Nov. 19 (Bloomberg) -- Cocoa supplies may outpace demand for a third year if the weather is favorable for global crops, according to Judy Ganes-Chase, the president of J. Ganes Consulting LLC.
“The balance can swing from a shallow deficit of 11,000 metric tons to a surplus of as much as 138,000 tons if the weather is fine,” she said during an interview today in Abengourou, Ivory Coast. “I wouldn’t be surprised if we ended the season in a surplus yet again.”
In the season started Oct. 1, production will total 4.05 million to 4.2 million tons, up from 3.99 million a year earlier, Ganes-Chase estimates. Bean processing will rise 2.5 percent to 4.02 million tons after contracting 0.15 percent last season, she said.

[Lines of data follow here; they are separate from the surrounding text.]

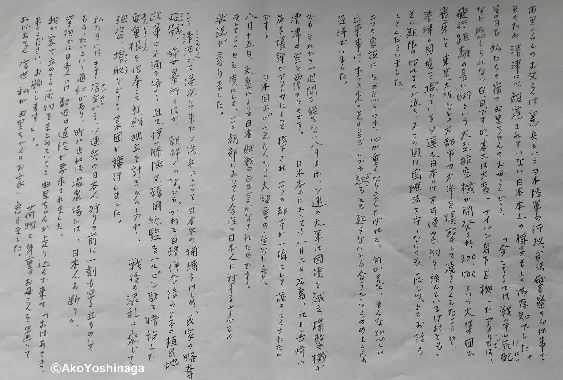 92歳は、短い余生で自分が “これからの人たち” に貢献できることを考えました。“みんなに幸せでいて欲しい。そのために平和を守りたい” そのために自分ができることは、戦争が(戦場にいない)私たちに与えた影響を伝えることだ、と。それで、使命感を感じて2つの物語を書きました。“戦争のことを知れば平和の大切さがわかる。ひとりでも多くの人に知ってもらいたい” これが作者の悲願です。
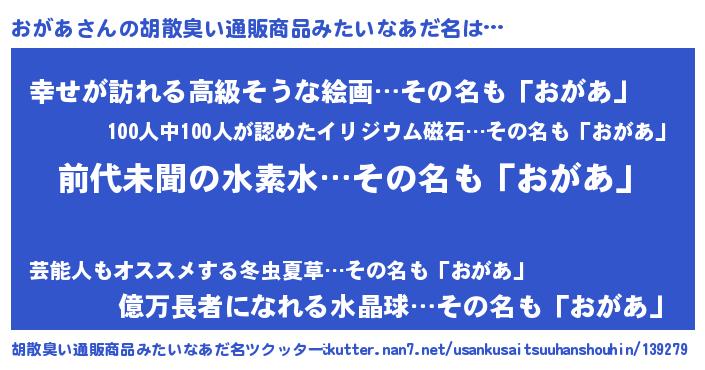| 意味不明あだ名 | 『永久保存おがあ』『おがあフォーエバー』 |
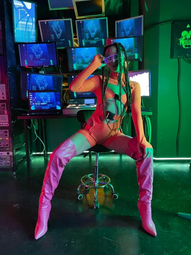 В новом клипе певица предстает в откровенных футуристичных нарядах.
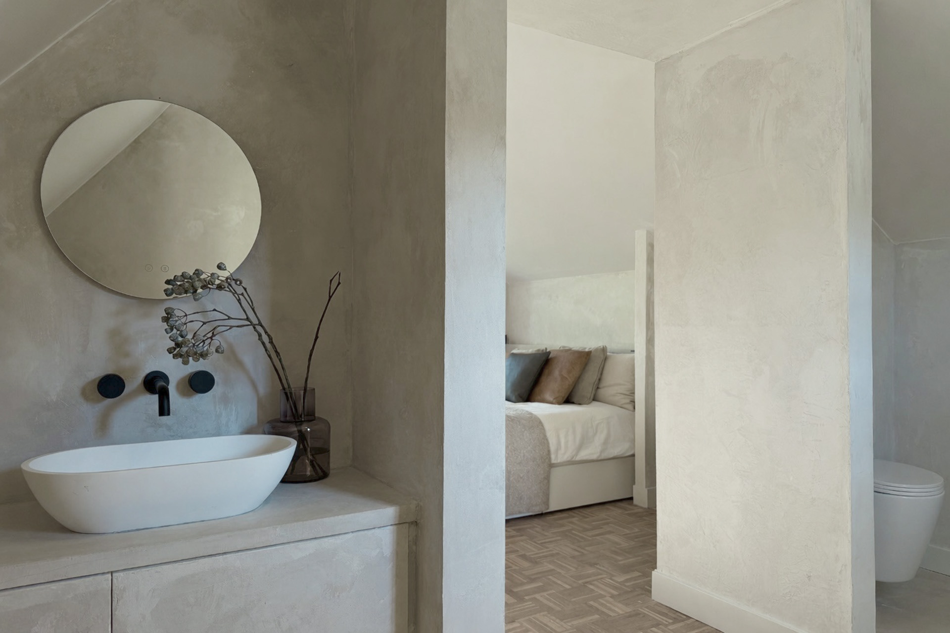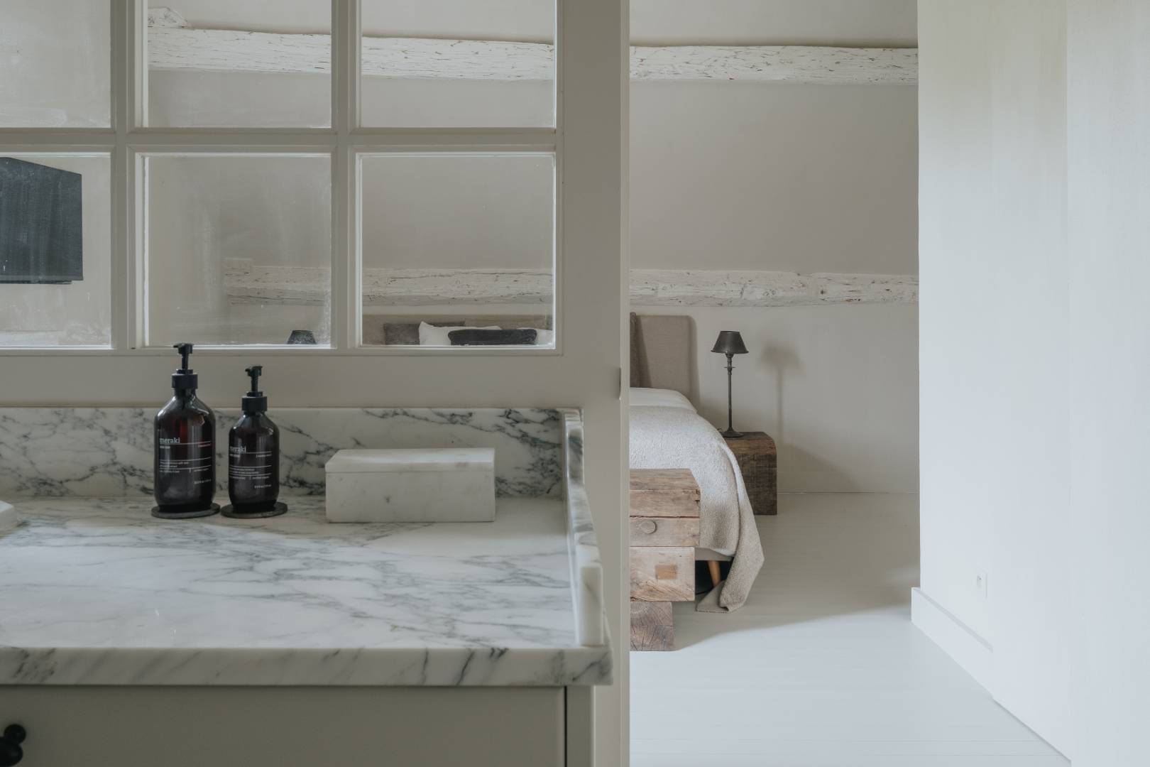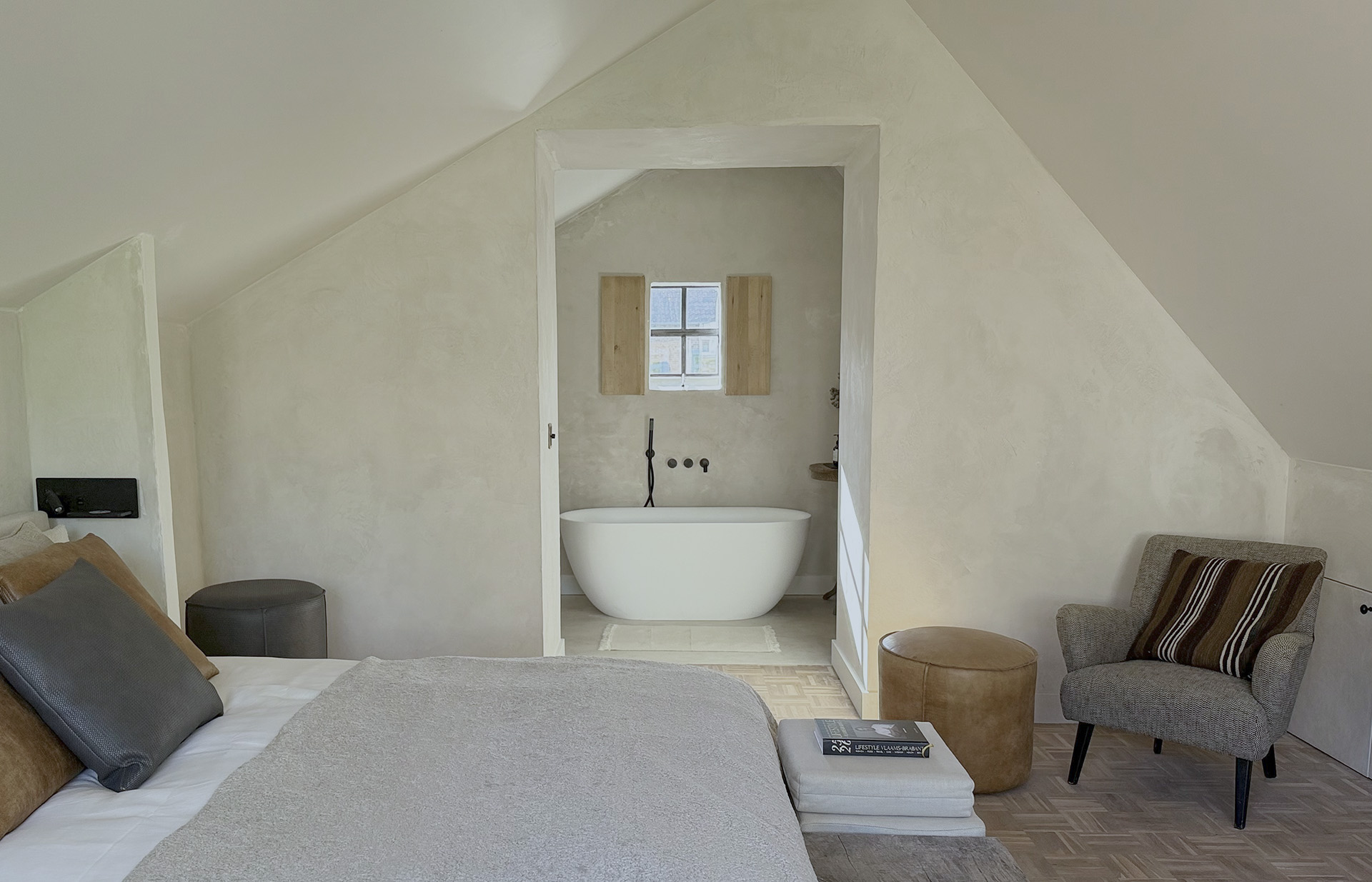 Eyecatcher van de kamer is het vrijstaande bad, discreet geïntegreerd in de ruimte — perfect om de avond rustig af te sluiten of de ochtend traag te laten beginnen. Alles is hier gericht op genieten zonder haast, in een setting die warm en authentiek aanvoelt.

Cocoa will average $2,200 a ton to $2,250 this season, Ganes-Chase forecast. Prices will be supported even as supplies increase by a rebound in demand and political turmoil in Ivory Coast, the world’s biggest producer, she said.
Useage by bean processors will probably grow because of increased profitability, Ganes-Chase said. The so-called combined ratio, which measures the price of cocoa butter and powder relative to that of beans, has risen above 3, a level that starts becoming more attractive for grinders to turn factories back on, she said.